**Provided data**

:::::

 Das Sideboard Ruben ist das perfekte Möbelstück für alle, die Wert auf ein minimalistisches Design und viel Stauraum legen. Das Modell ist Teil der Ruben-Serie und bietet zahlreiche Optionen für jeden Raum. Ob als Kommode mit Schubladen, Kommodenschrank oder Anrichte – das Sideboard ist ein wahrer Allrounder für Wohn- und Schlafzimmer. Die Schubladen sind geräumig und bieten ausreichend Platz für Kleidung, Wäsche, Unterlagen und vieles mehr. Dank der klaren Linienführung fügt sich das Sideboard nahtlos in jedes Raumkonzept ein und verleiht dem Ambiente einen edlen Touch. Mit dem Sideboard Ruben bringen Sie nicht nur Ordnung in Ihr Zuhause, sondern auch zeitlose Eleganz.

:::::

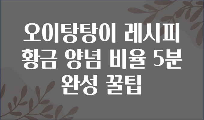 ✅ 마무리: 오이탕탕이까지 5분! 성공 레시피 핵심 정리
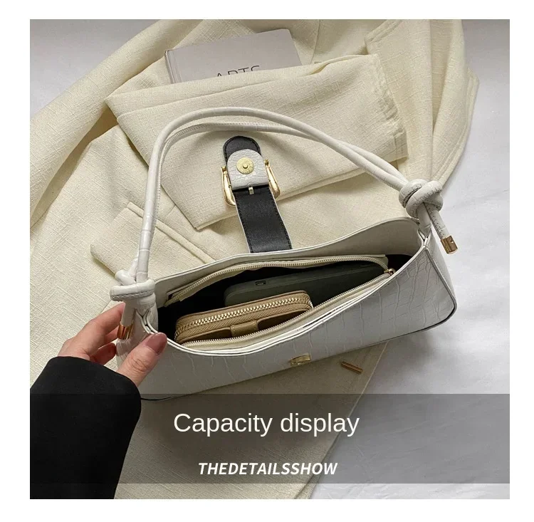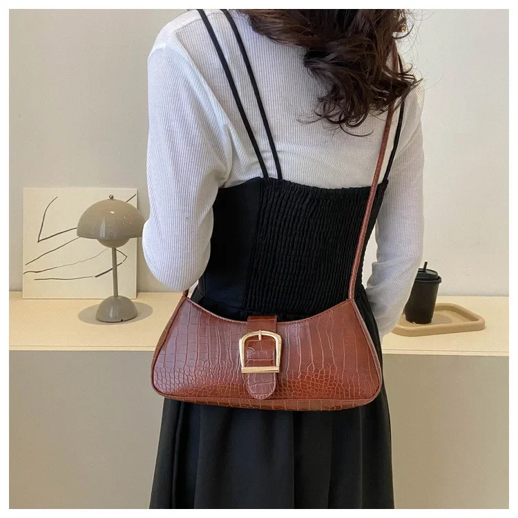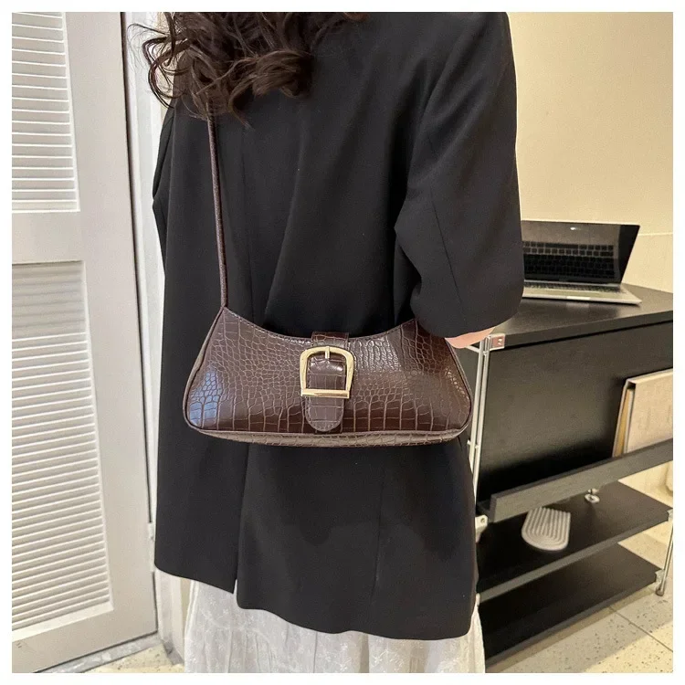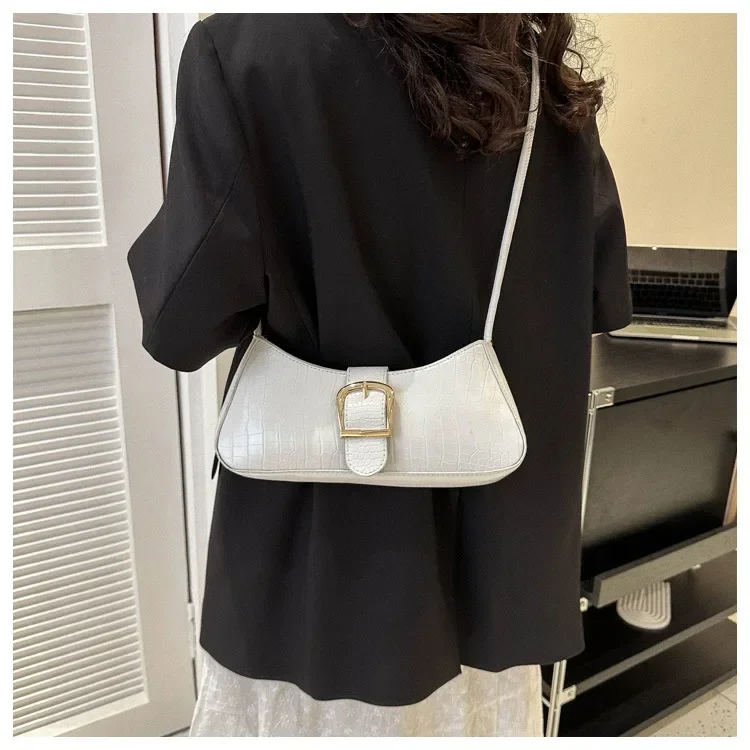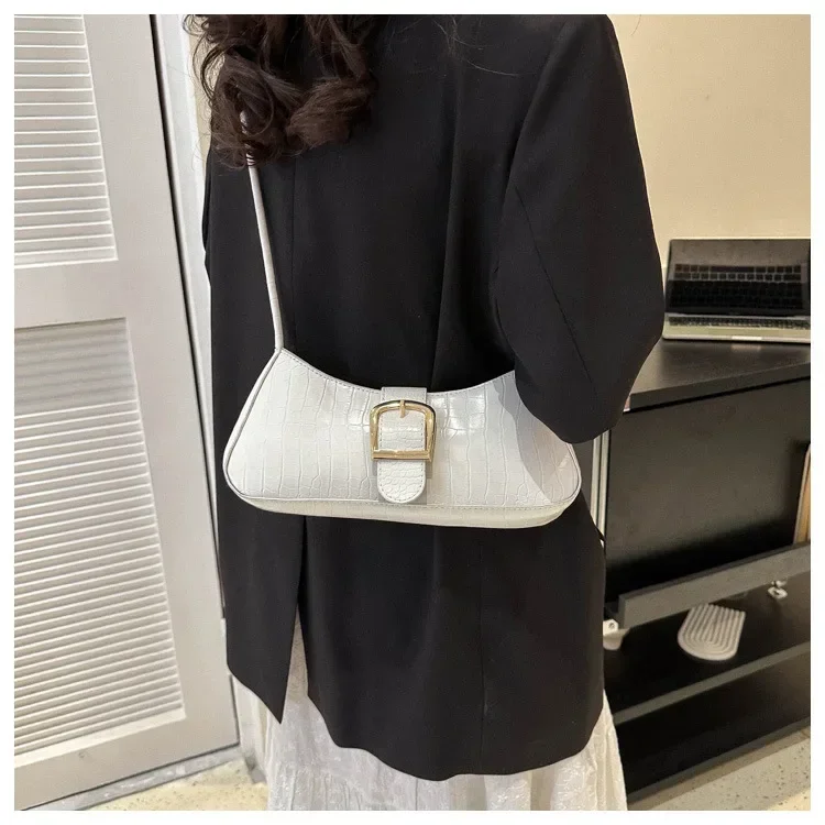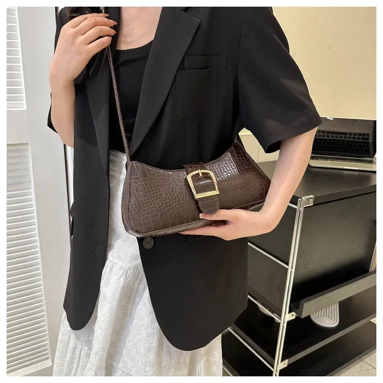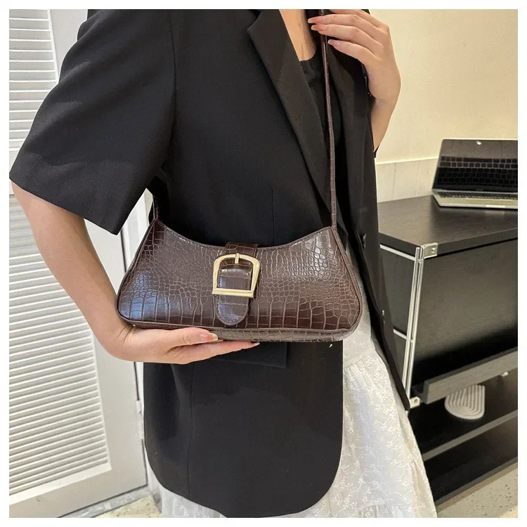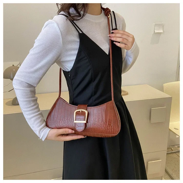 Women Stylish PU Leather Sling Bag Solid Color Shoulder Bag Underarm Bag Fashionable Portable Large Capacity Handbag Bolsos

:::::

**Exercise details**
Although pictures appear among the entries, please set down only the lines from the one with "성공 레시피 핵심 정리" up to and including the one with "Women Stylish PU", word for word.

**Exercise output**
 ✅ 마무리: 오이탕탕이까지 5분! 성공 레시피 핵심 정리
 Women Stylish PU Leather Sling Bag Solid Color Shoulder Bag Underarm Bag Fashionable Portable Large Capacity Handbag Bolsos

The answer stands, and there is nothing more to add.